JUNTA leader Prayut Chan-O-Cha dropped his latest saccharine pop ballad on the Thai public on Monday, pining for the “democratic path” nearly five years after he seized power from the country’s last elected government.
A former army chief who wants to return after March 24 polls as a civilian prime minister, Prayut has penned several ditties intended to inspire the nation since seizing power in 2014.
New Day, released on YouTube, captures the famously gruff 64-year-old general in reflective mood.
“We are looking for a new day in Thailand’s history . . . towards the democratic path,” the pop number – sung by two soldiers – says.
“A ‘New Day’ for Thailand is coming so we can solve the mistakes of the past.”

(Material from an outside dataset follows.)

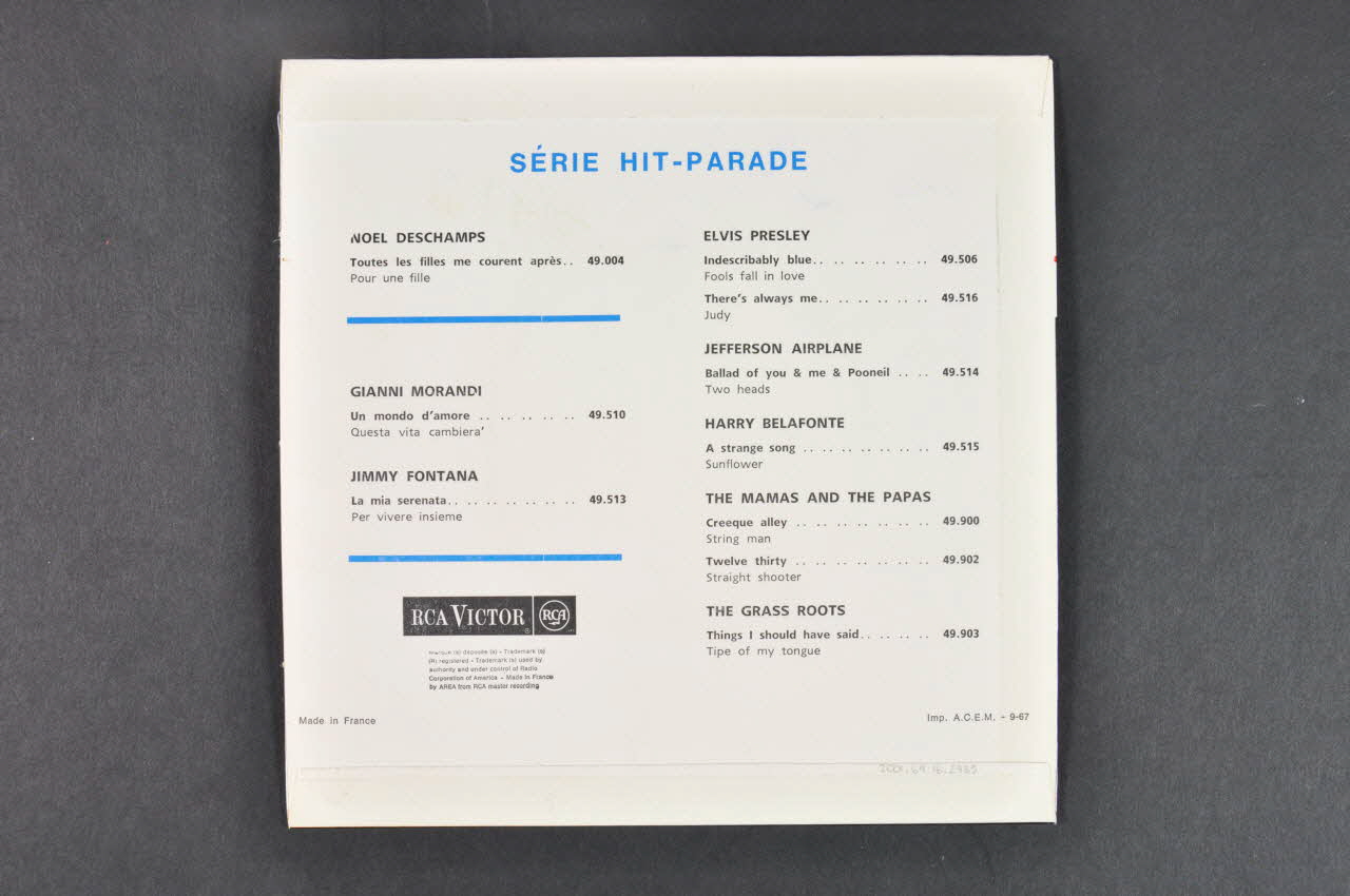 Sur le recto, figurent les noms du groupe en vert et des chansons dans la partie supérieure. En dessous, se trouve la photographie couleur du groupe sur scène. Le verso est composé d'inscriptions noires et bleues sur fond blanc. Il présente les noms d'autres albums de la même maison d'édition.Matériaux et techniques

Thailand remains deeply polarised five years after the army booted out the government of Yingluck Shinawatra from office.
Prayut led the coup, saying his hand had been forced after months of bloody protests against Yingluck’s government.
He has since clung on to power, repeatedly pushing back elections, muzzling dissent and carving out a new constitution which embeds the military’s role in politics for the next 20 years.
That has outraged Thai pro-democracy supporters, a disparate group which spans rice farmers and the urban poor, Bangkok middle classes and millenials who have spent large chunks of their life under junta rule.
The bloodless 2014 coup took out the elected government of Yingluck Shinawatra.
Eight years earlier the army toppled the administration of her elder brother Thaksin, the billionaire ex-premier who heads the powerful political clan.
Thais have not had a general election since 2011.
After years of military rule, new electoral forces are emerging, muddying Thailand’s once clear political division between those who support the Shinawatras’ and the arch-royalist, conservative camp which is wedded to the army.
Future Forward, a party led by a photogenic billionaire has gained traction among Thailand’s youth for its strident anti-junta stance and vow to address inequality.
Seven million people aged 18-25 are eligible to vote for the first time this month.
“Our agenda has become the public’s agenda,” Future Forward leader Thanathorn Juangroongruangkit said during campaigning on Sunday.
“We are making progressive ideas attractive again . . . sexy again.”